В семь часов Государыня попросила меня еще раз связаться по телефону с Зимним Дворцом. Как и накануне, трубку снял князь Ратаев.
- Как ваши дела? - поинтересовалась я.
- Толпа и сейчас у ворот Дворца, - ответил он совершенно бесстрастно. - Прошу Вас, мадам, передать Ее Императорскому Величеству мои заверения в верности и преданности... Пожалуй, другой такой возможности мне не представится... Ах! Я так и думал. Не хочу показаться вам неучтивым, мадам, но, полагаю, сейчас меня убьют... Толпа ломает двери этого помещения!
Он умолк - раздался страшный треск... Я не выдержала, и телефонная трубка выскользнула из моих помертвелых рук.
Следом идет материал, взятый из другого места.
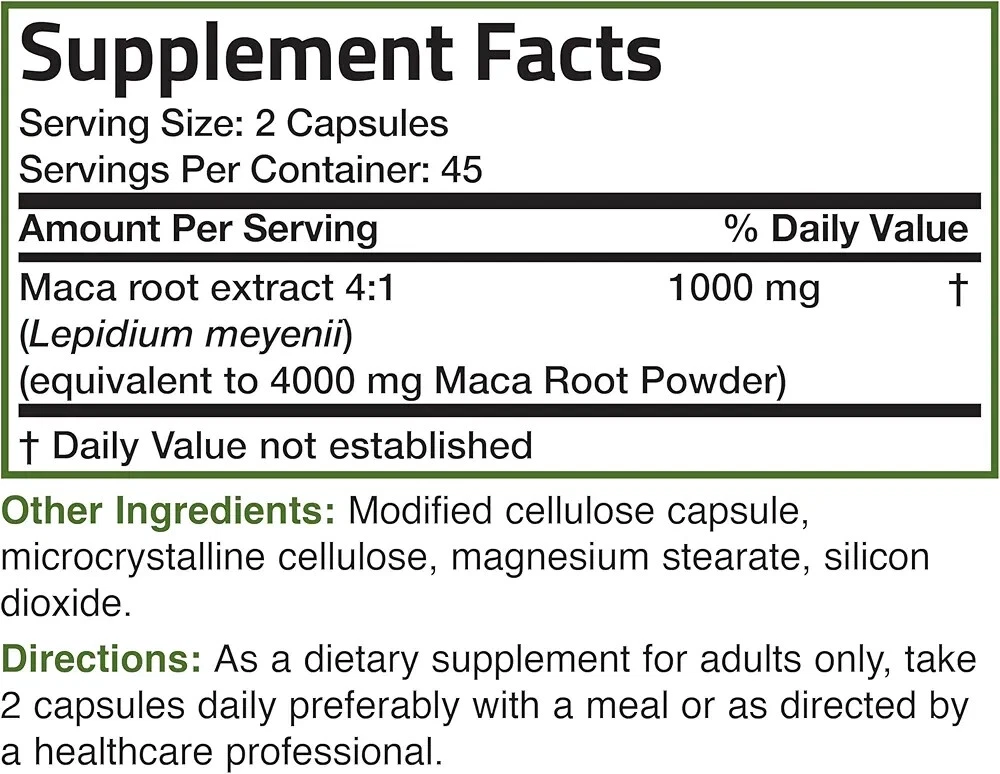 Maca Root Veg Capsules, Peruvian Maca for Men & Women 90 Caps

Мы допоздна засиделись в лиловом будуаре и уже собирались лечь в постель, как, смущенный и расстроенный, вошел Волков. Мы с Государыней с трудом поняли, что прибыл господин Гучков, который настоятельно просит Ее Величество принять его. Было уже одиннадцать часов.
- В такой час? Но это же невозможно! - заметила Императрица.
- Ваше Императорское Величество, он настаивает, - запинаясь, выговорил камердинер.
Государыня повернулась ко мне. В глазах Ее застыл ужас.
- Он приехал, чтобы арестовать меня, Лили! - воскликнула Она. - Телефонируйте Великому князю Павлу Александровичу и попросите его тотчас же приехать.
Справившись с волнением, Она снова надела шапочку сестры милосердия и стала молча ждать прибытия Великого князя. Ни Мария, ни я не смели произнести ни слова. Наконец, после мучительного ожидания, которое показалось нам нестерпимо долгим, вошел Великий князь, и Государыня в нескольких словах рассказала о появлении зловещего гостя. В следующее мгновение из коридора донеслись громкие голоса, громко хлопнула дверь, возвестив о появлении в соседней комнате господина Гучкова.
Гучков, после переворота ставший военным министром, был заклятым врагом Государя, которому Он не мог простить то обстоятельство, что Император не захотел признать его некоронованным королем Москвы. Он из чувства мести принудил Государя отречься". Злорадное любопытство влекло его во Дворец, чтобы насладиться страданиями беззащитной Женщины! Это был отвратительный тип в больших очках с желтыми стеклами, скрывавшими его бегающие глазки.
Мы с Марией крепко держались за Государыню, убежденные, что теперь все кончено. Она нежно поцеловала нас обеих и вышла из будуара в сопровождении Великого князя Павла Александровича. При виде Государыни мне вспомнилась Мария-Антуанетта - эта трагическая фигура, как и Императрица испившая чашу страданий. Верный камердинер Волков, согласно традициям Императорского режима, уведомил нас о том, что Гучков приехал во Дворец в обществе двух адъютантов. Один из них обратился к старику со словами:
- Ха-ха! Вот и мы. Что, не ждали нас нынче? А ведь теперь мы хозяева Дворца!
Мы с Марией Николаевной сели рядом на диван. Бедная девочка тряслась от страха. Но боялась Она не за себя. Как и остальные дети, Мария думала лишь о своей возлюбленной Матери.
В трагические эти дни, когда счастье отвернулось от Них, никто из членов Императорской Семьи не выказывал сожаления по поводу утраченного Ими положения и престижа. Единственное, что их тревожило, - это страх расстаться друг с другом. Пожалуй, к Ним можно было бы отнести слова, которые кто-то нацарапал на стене одной из старинных итальянских тюрем: "Лучше смерть, чем жизнь без тебя". И если сообщение о Их смерти правда, то судьба оказалась к Ним милосердной: Они не узнали боли разлуки.
Наконец, в коридоре послышались шаги, и, к несказанной нашей радости, мы увидели Государыню!
Плача и смеясь, Мария Николаевна бросилась к Матери, и Государыня поспешила нас успокоить.
- На этот раз Меня не арестуют, - произнесла Она. - Но если бы вы знали, какое это было унижение - встретиться с этим человеком. Гучков был невыносим - Я не смогла дать ему руки. Он заявил, что хотел лишь узнать, как Я переношу испытания, и убедиться, напугана Я или нет.
Бледные щеки Императрицы покрылись розовыми пятнами, глаза сверкали. В эту минуту гнева на Государыню было страшно смотреть. Но вскоре к Ней вернулись Ее обычное спокойствие и достоинство, и мы пожелали Ей спокойной ночи, благодарные Провидению за то, что оно пощадило Ее ради нас.